_Text by Peter Handel

For Daniel Kiessler drawing is passion.

At first he starts his career as a talented young drawer of comics.
He works as a freelance illustrator for some international publishers
of comics. But soon he realizes that working on fantasy creatures can’t satisfy his artistic visions. After studying art, he becomes a free artist and lectures at an academy.
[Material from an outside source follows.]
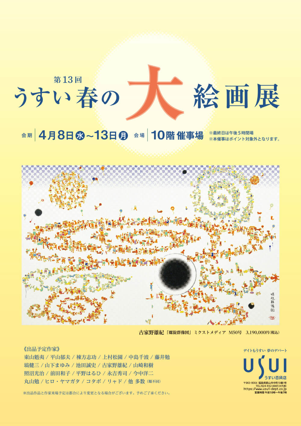 折込チラシ・新聞広告 うすいのお芋マーケット HOKUHOKU [PDF:5.6MB] 第13回 うすい春の大絵画展 [PDF:1.9MB] ※PDFをご覧になる際は、Adobe® Reader® が必要となります。 【携帯電話をご利用のお客様へ】 ※携帯電話からはダウンロードできません。 ※別途通信料がかかります。 TVCM

The central motif of his artistic work is the “the woman”, shown in many photo- realistic drawings. He chiefly draws young women in pin-up poses, besides that he also produces drawings which rather express the aesthetic views of an artist like Egon Schiele; they concentrate on the drawing of the head, the remaining figurative representations come to an end in soft lines. Further art- historical connections can be detected with artists like Mariano Vargas and Mel Ramos. While, however, Mariano Vargas’ work seems to harmonize with the image of women in men’s magazines and while Mel Ramos has his pin- up girls play with consumption fetishes- creating ironic distance by transporting them and himself with them into classic motifs of painting- Daniel Kiessler creates a cool and reserved atmosphere in his erotic drawings and by that distance and tension. Despite their seeming vicinity to the colourful, inviting world of men’s magazines, Kiessler’s drawings thus do not run into their clichés. His figures have found their own style. Girls in pin- up poses are transformed into art beings of a cool and reserved distance.
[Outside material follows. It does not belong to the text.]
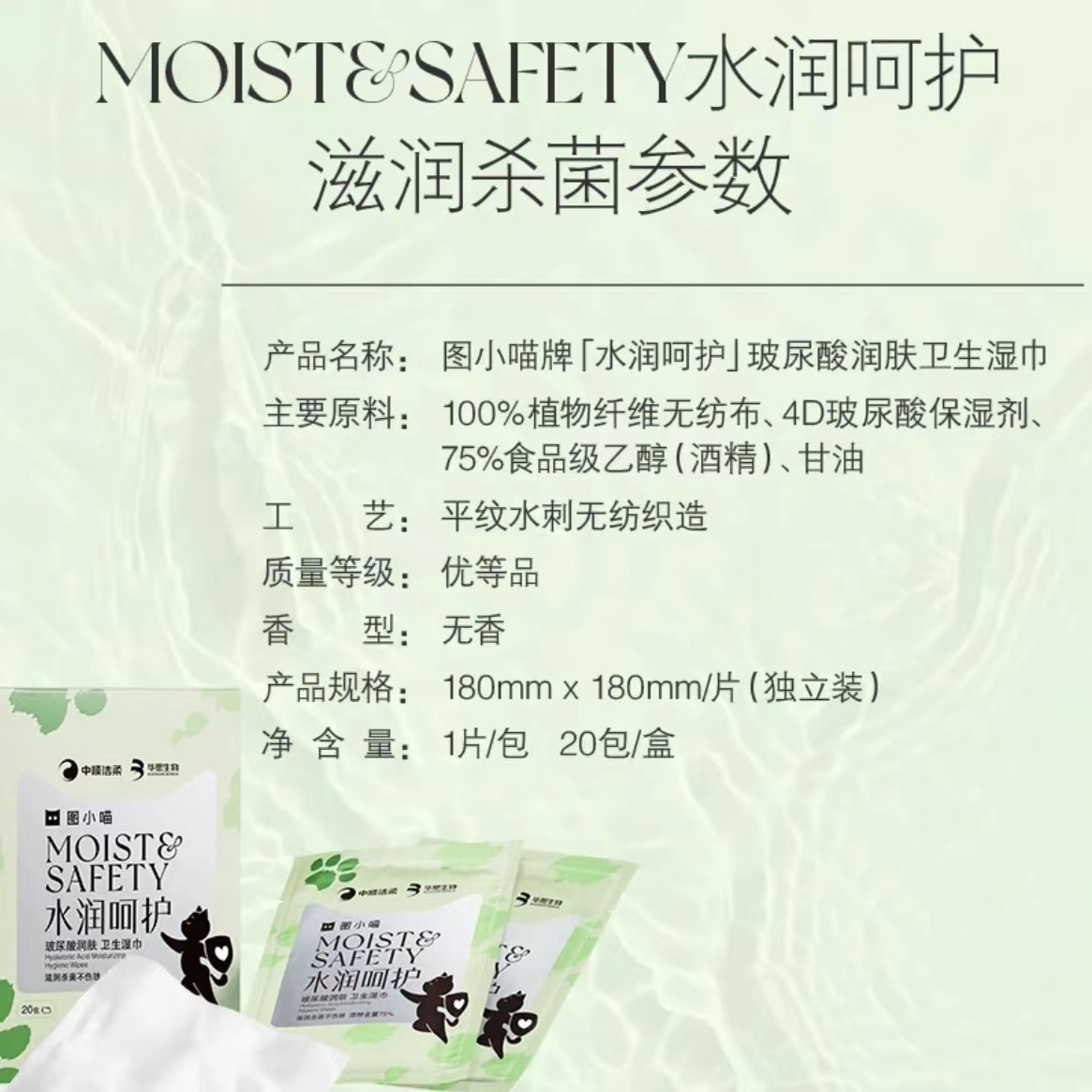 图小喵玻尿酸酒精润肤消毒湿巾75%酒精杀菌消毒棉巾无香20包/盒

To shape this artistic counter- model, Daniel Kiessler decides on the reduction of means. He limits himself to a presentation in black and white and to the isolation of the physical existence.

He chooses highly white, plane drawing paper and black- lead pencils in different degrees of hardness as his material. This renders possible the sharpest contrasts, the softest transitions and the finest details; from that his own and unmistakeable drawing style results, a style he commands masterly.

Kiessler’s drawings are highly subtle and differentiated. The contrast between black and white is elementary and full of tension. Mediating between these extremes lie shades of grey in slightest grades. A further striking element of his drawings are finest structures in the hair, tattoos and textiles of his models. Here Daniel Kiessler commands the black-lead pencil with incredible precision and delicacy from the lightest of grey to the darkest of black. This multiplicity of structures is completed by highly delicate and fine lights in the hairdressing. By the correspondence with the sharp contrast of the drawings as well as the softness of their transitions and a far- reaching isolation of the models he creates an atmosphere of irritating beauty in the picture, erotic and still distanced.

For me, Daniel Kiessler’s erotic drawings in their strictness are new and exiting.